Thanks for taking a look at the patch, Sidd.
Handling FAILED / KILLED tasks from previous runs (Some jobs allow a percentage of tasks to fail)
Agreed. In the short-term to mitigate some additional risk it only tries to recover the same set of tasks as before. I'd prefer to handle this in a separate JIRA, but it should be easy to do it here as well. In addition to FAILED/KILLED tasks, we could also recover information for tasks that were RUNNING, marking their in-flight attempts as KILLED but we'd at least have their start times, the nodes they ran on, and pointers to their logs.
For Successful tasks, if recovery fails for the successful attempt (committer failure, etc) - should this be considered as a failure, and count towards the max-attempt limit ?
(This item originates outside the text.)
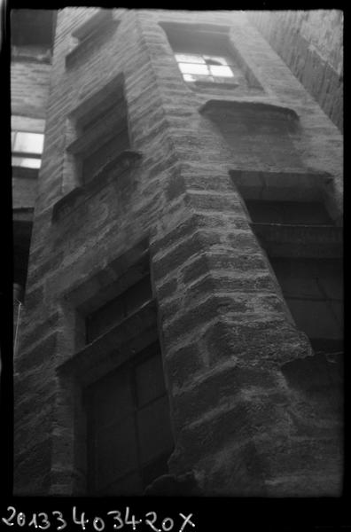 La rue de la Foire était l'une des artères commerçantes du vieux Pézénas. La maison présente des portes intérieures en accolade, des fenêtres à meneaux, à moulurations entrecroisées, des colonnettes à talons qui indiquent le 15e siècle finissant tandis que la porte d'entrée, en arc brisé, avec boudins à méplat, pourrait être un peu plus ancienne, ce que suggère également le décalage de cette entrée par rapport à la cour et à la porte de la tourelle.

I debated this a bit when I wrote it and thought I'd rather give the task the benefit of the doubt and let it try again rather than fail it. Recovery isn't a "normal" part of the task flow, and I thought it would be better to give the task another attempt rather than use up one of the failed attempts if recovery encounters an error. I don't have strong feelings on it though. If the consensus is that it should count as an attempt failure then is a straightforward change to mark it as such.
Speculator info from the previous run could be recovered as well.
Yes, we should be able to reconstruct many, if not all, of the speculator events as well. I'd prefer to defer that to a separate JIRA.